Он долго молчал. Долго курил, долго.
— Знаете, Антон… То, что я вам сейчас подчиняюсь, сам я могу объяснить лишь комплексом вины, который, оказывается, во мне за эти годы расцвел пышным цветом. Перед вашим отчимом, перед… — даже в телефон было слышно, как скрежещут у него голосовые связки. — Перед всеми вами. Проклятое ваше племя, никогда не знаешь, чего от вас ждать. Еду. Провались все пропадом, еду.
С непреоборимой свободой взаимно оказывают один перед другим совершенное рабство…
— Цигиль, цигиль ай лю-лю, — сказал я. Он фыркнул и отключился. Я отдулся, с силой провел ладонью по лицу и положил ладонь на рукоять скоростей.
Да, похоже, я пропал, как-то отстраненно размышлял я, буквально на автопилоте руля по вечернему городу. Расплываясь в мороси, плыли назад уличные огни, на обгоне продергивались мимо габариты лихачей. А вообще-то — тьма. Равнодушие к себе меня просто изумляло; казалось, мне уже нет до себя ни малейшего дела. Из этих жерновов, думал я, целенькими не выпрыгивают. Нет, не выпрыгивают. Машину затрясло и заколотило на трамвайных путях. Прыг-скок — подвеска йок. Способна ли православная парадигма хоть раз уложить асфальт как следует?
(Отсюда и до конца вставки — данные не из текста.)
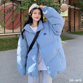 蓝色棉服女装秋冬季2021新款韩版学生面包服设计感...
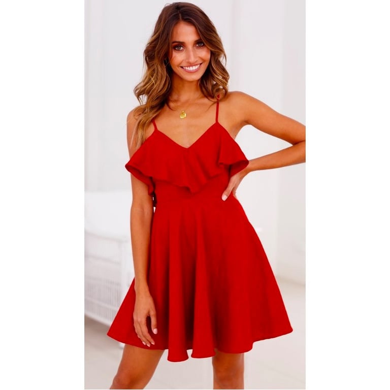 Vestido de mujer en un romántico color rojo. Con tirantes finos cruzados en la espalda y una corta falda en forma de A. El vestido tiene un escote en V profundo con volantes.

Хотя бы в двадцать первом веке от Рождества Христова — если уж в двадцатом не смогла? Или, по формулировке Сошникова, и в двадцать первом тоже ТАК СОЙДЕТ? Целенькими не выпрыгивают… Прыг-скок. Говорят, страдания и невзгоды облагораживают. На конька Иван взглянул И в котел тотчас спрыгнул — И такой он стал пригожий… Это сказка. А вот реализм: Два раза перекрестился, Бух в котел — и там сварился!
Кажется, крыша едет.
Все, берем себя в руки. Чем-то сейчас порадует Никодим?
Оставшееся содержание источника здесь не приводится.